№ 305                                                                                                                    21 января /3 февраля 2013 г.

 

 

ПРИХОДСКОЙ ЛИСТОК


 

Неделя 35-я по Пятидесятнице. Глас 2.

 

АПОСТОЛЬСКОЕ ПОСЛАНИЕ1 Тим I, 15-17

 

15. Верно и всякого принятия достойно слово, что Христос Иисус пришел в мир спасти грешников, из которых я первый.

 

16. Но для того я и помилован, чтобы Иисус Христос во мне первом показал все долготерпение, в пример тем,

которые будут веровать в Него к жизни вечной.

 

17. Царю же веков нетленному, невидимому, единому премудрому Богу честь и слава во веки веков. Аминь.

 

 

ЕВАНГЕЛЬСКОЕ ЧТЕНИЕ: Лк., ХVIII, 35-43.

 

35. Когда же подходил Он к Иерихону, один слепой сидел у дороги, прося милостыни,

36. и, услышав, что мимо него проходит народ, спросил: что это такое?
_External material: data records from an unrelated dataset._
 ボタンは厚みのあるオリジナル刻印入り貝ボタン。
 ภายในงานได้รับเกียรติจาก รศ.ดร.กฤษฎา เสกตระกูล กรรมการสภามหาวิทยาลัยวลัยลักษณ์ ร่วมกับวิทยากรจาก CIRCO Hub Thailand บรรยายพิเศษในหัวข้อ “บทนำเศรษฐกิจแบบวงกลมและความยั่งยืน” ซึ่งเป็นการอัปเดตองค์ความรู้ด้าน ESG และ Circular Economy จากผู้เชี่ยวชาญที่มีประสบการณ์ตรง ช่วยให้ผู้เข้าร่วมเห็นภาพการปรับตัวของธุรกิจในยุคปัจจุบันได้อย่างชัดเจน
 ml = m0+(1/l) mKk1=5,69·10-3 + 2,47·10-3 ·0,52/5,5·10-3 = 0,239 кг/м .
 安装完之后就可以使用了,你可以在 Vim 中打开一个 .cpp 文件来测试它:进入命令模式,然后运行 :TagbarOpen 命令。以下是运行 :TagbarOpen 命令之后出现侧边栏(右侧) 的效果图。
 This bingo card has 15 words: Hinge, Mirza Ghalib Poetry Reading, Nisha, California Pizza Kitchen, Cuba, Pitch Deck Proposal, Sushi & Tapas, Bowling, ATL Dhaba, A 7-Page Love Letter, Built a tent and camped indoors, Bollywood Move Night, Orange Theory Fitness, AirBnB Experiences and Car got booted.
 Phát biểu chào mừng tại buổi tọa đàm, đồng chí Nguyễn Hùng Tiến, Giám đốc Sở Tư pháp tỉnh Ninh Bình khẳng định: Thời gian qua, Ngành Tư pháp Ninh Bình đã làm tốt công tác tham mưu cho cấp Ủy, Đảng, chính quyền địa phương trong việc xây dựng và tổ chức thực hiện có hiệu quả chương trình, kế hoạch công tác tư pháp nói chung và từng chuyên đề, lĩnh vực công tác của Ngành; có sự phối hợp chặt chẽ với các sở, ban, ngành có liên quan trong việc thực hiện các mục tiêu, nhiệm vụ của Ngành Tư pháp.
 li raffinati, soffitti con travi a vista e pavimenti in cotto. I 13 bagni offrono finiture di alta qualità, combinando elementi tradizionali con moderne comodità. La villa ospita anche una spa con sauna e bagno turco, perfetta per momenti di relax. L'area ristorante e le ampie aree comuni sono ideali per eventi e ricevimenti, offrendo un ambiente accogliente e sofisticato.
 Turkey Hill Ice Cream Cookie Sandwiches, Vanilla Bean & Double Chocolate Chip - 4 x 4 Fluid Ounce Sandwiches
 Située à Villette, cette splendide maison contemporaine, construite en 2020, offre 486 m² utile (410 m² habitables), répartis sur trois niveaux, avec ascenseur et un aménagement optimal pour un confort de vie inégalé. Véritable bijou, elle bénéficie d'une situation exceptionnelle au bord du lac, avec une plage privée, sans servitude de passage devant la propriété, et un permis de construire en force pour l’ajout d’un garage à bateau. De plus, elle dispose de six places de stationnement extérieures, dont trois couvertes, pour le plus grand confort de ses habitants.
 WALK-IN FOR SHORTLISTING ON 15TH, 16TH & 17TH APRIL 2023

37. Ему сказали, что Иисус Назорей идет.

38. Тогда он закричал: Иисус, Сын Давидов! помилуй меня.

39. Шедшие впереди заставляли его молчать; но он еще громче кричал: Сын Давидов! помилуй меня.

40. Иисус, остановившись, велел привести его к Себе: и, когда тот подошел к Нему, спросил его:

41. чего ты хочешь от Меня? Он сказал: Господи! чтобы мне прозреть.

42. Иисус сказал ему: прозри! вера твоя спасла тебя.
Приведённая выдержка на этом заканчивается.